→ **Problem description**
Repeat exactly the stretch of lines that starts with the one containing "4일 서울 신문로 축구회관에서" and ends with the last line of the material. Leave out pictures.

→ **Data excerpts**
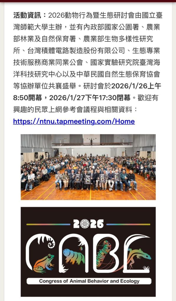 - 學術界年度盛會:2026 動物行為暨生態研討會
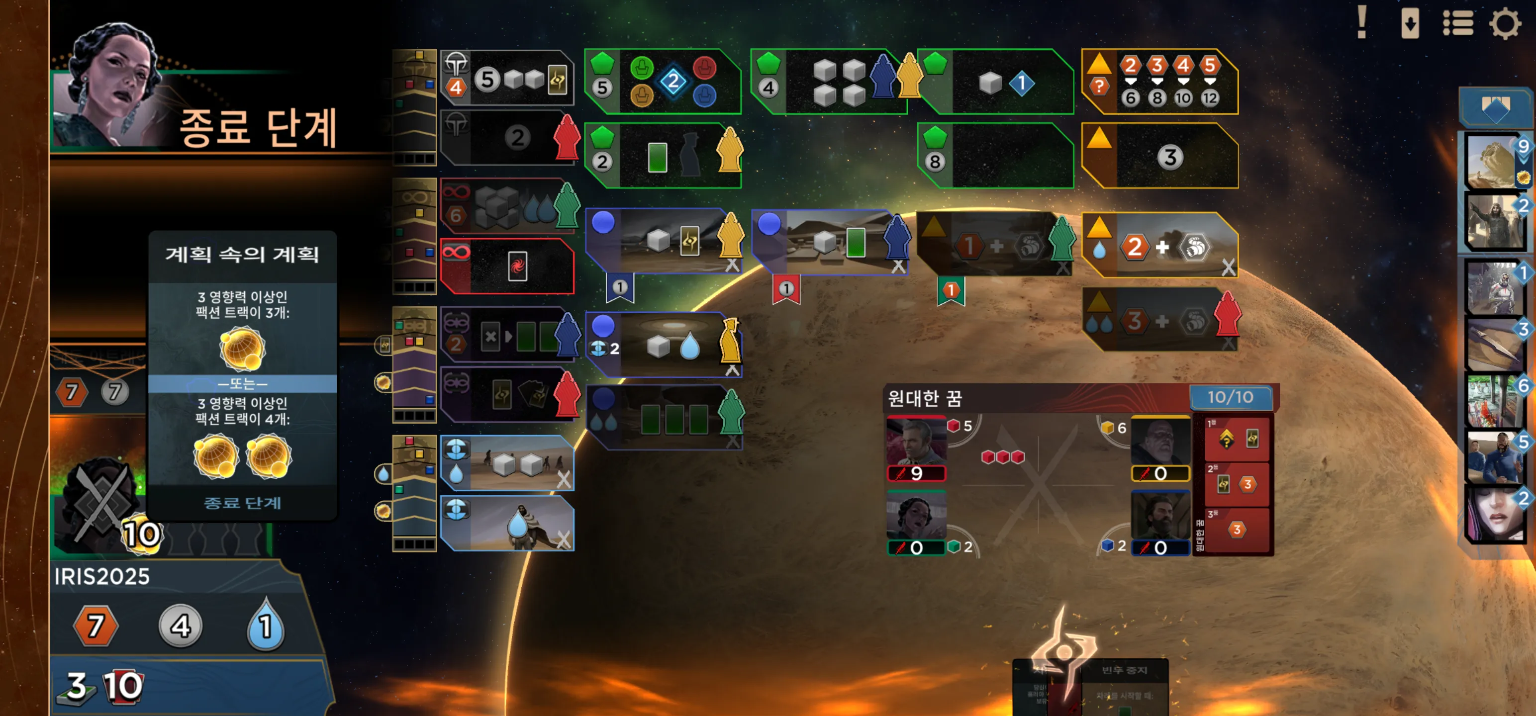 9라운드를 지나 대망의 마지막 10라운드가 시작되었습니다. 그런데 10라운드의 1등 보상이 승점이 아닌 팩션 영향력 2칸 상승이었습니다. 자칫하면 제가 가진 “계획 속의 계획” 계책 카드의 조건이 무너지거나, 다른 AI가 동맹을 빼앗아 갈 수도 있는 위험한 상황이었습니다.
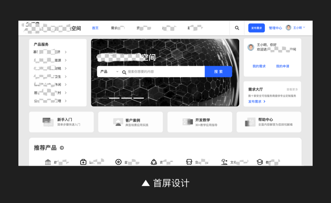 考虑到产品定位以数据产品的交易撮合为目标,数据产品作为平台核心信息,需要强化曝光。为了更高效地利用屏幕空间,首屏信息采用了紧凑型的设计方案。划分为三个功能区,包含了左侧数据产品列表,中间运营搜索区以及右侧辅助模块等内容。
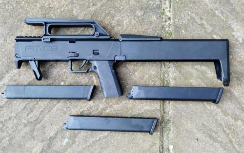 Maruyama FMG9, one of the coolest and most unique airsoft replicas out there! Inside this futuristic transforming blaster, you'll find a VFC-made Glock, making it a beast in both style and performance. This is the best version compared with the other Fmg9 makers on the market. It is new, in the box, only tested. In the price are included 3 long gas magazines, much needed for your fun time. All new and gas tight. Price is posted.298.00 GBP
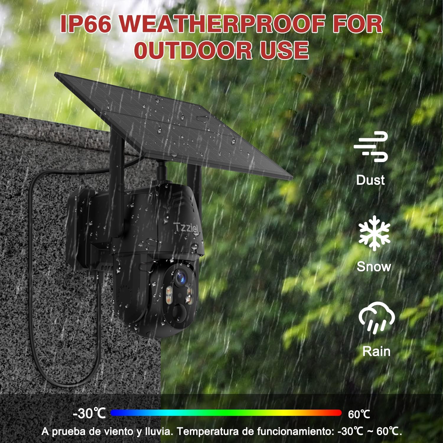 【Resistencia IP66 y soporte técnico rápido para tu cámara de vigilancia exterior】 La cámara de vigilancia exterior cuenta con una carcasa de clase IP66, lo que la hace resistente a lluvia, nieve y temperaturas extremas (-20°C~50°C), funcionando de forma estable en condiciones climáticas adversas. Si tiene algún problema de uso u otro tipo de inconveniente, puede contactar con el soporte técnico en línea a través de la aplicación.
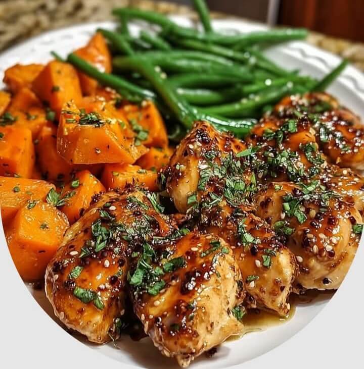 This Mediterranean Honey Garlic Chicken with Sweet Potatoes and Green Beans is a wholesome, well-balanced dish that brings together lean protein, vibrant vegetables, and a sweet-savory glaze. The chicken is pan-seared or baked with a honey garlic sauce that’s infused with Mediterranean-inspired simplicity — minimal seasoning but maximum flavor. Sweet potatoes are roasted until caramelized and slightly crisp, while green beans are tender yet crisp for that satisfying bite.
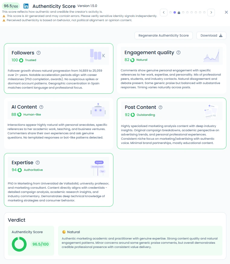 Itziar scores 96.5 out of 100 for authenticity on Favikon. Her feed blends viral TikToks, classroom moments, and conference snapshots. Comments are substantive and come from students, peers, and industry pros. Her voice is professional but warm, which keeps engagement genuine.
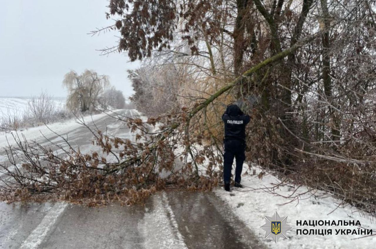 Окрім ожеледиці, спостерігається обмерзання дерев, що призводить до їх падіння на проїзну частину та створює небезпеку для учасників дорожнього руху.
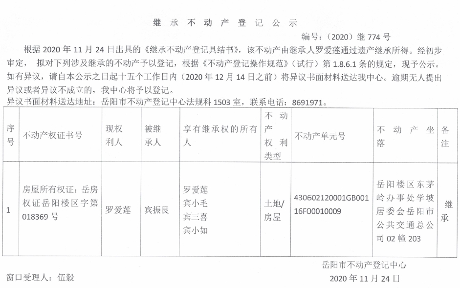 继承不动产登记公示 编号:(2020)继774号(罗爱莲)
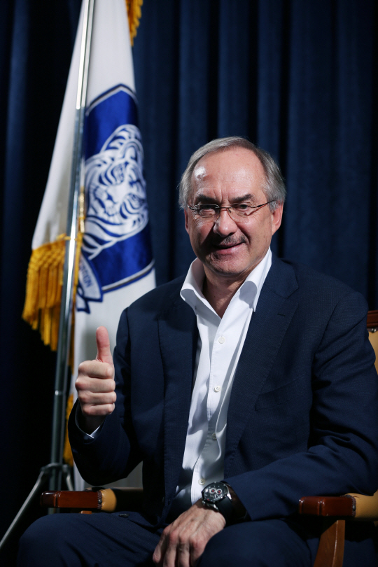 4일 서울 신문로 축구회관에서 국내 취재진과 좌담 형식의 인터뷰를 갖고 있는 울리 슈틸리케 감독. 사진제공=대한축구협회
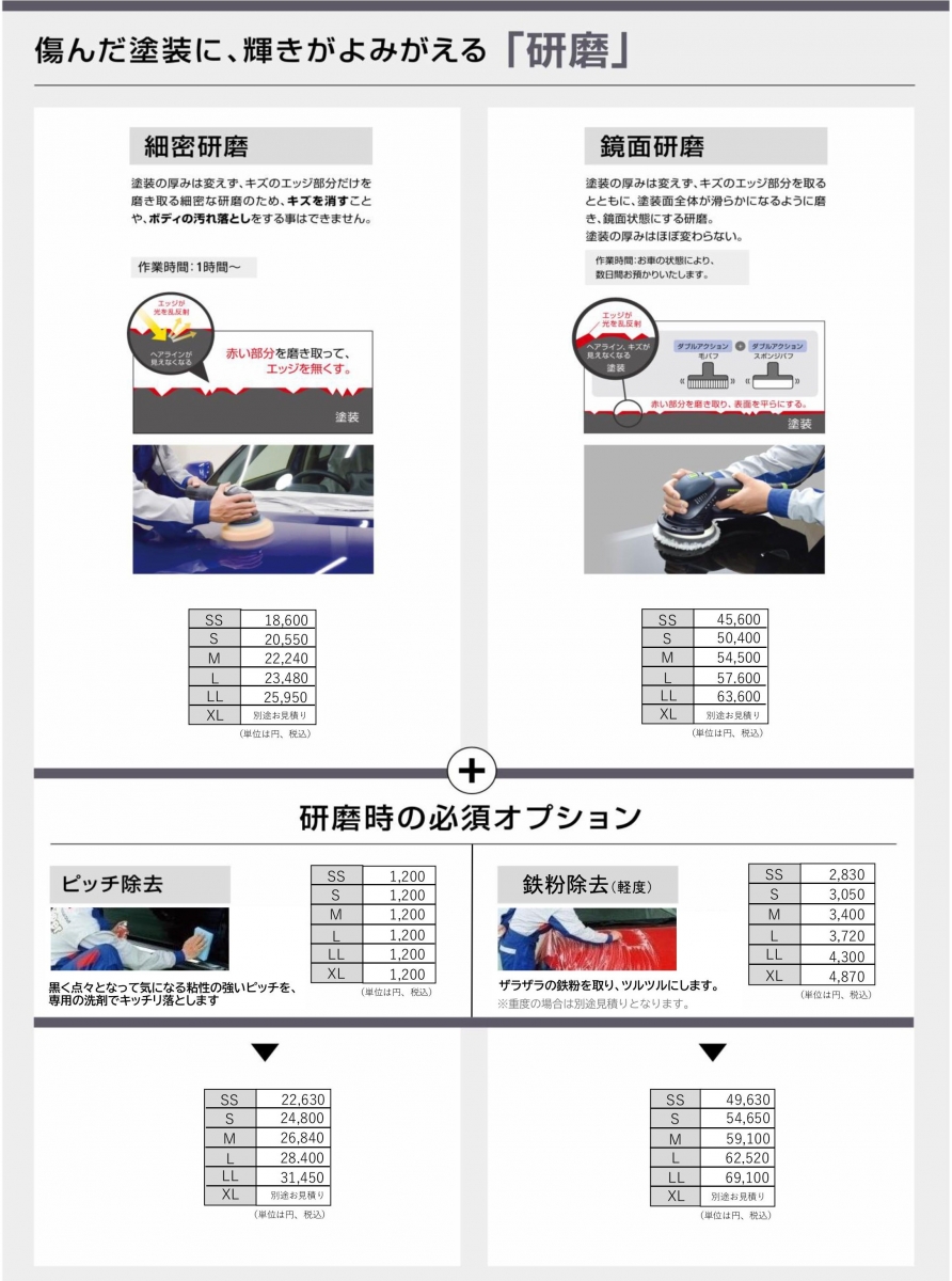 どのメニューも、各部の状態が良いうちに保護することをお勧めいたします。
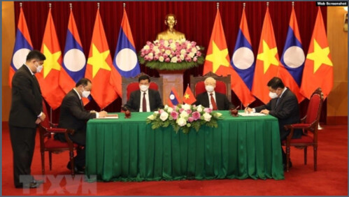 Tổng bí thư, Chủ tịch nước Lào Thongloun Sisoulith và Tổng Bí thư Việt Nam Nguyễn Phú Trọng đã chứng kiến việc ký kết các văn kiện hợp tác hôm 28/6/2021. Photo Bao Quoc te
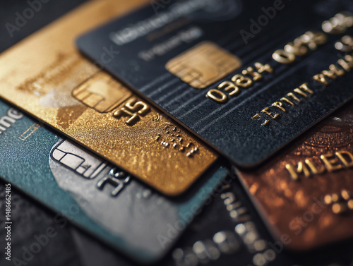 Modern Payment Methods: Closeup of Credit and Debit Cards in Financial Transactions

→ **Solved exercise**
 4일 서울 신문로 축구회관에서 국내 취재진과 좌담 형식의 인터뷰를 갖고 있는 울리 슈틸리케 감독. 사진제공=대한축구협회
 どのメニューも、各部の状態が良いうちに保護することをお勧めいたします。
 Tổng bí thư, Chủ tịch nước Lào Thongloun Sisoulith và Tổng Bí thư Việt Nam Nguyễn Phú Trọng đã chứng kiến việc ký kết các văn kiện hợp tác hôm 28/6/2021. Photo Bao Quoc te
 Modern Payment Methods: Closeup of Credit and Debit Cards in Financial Transactions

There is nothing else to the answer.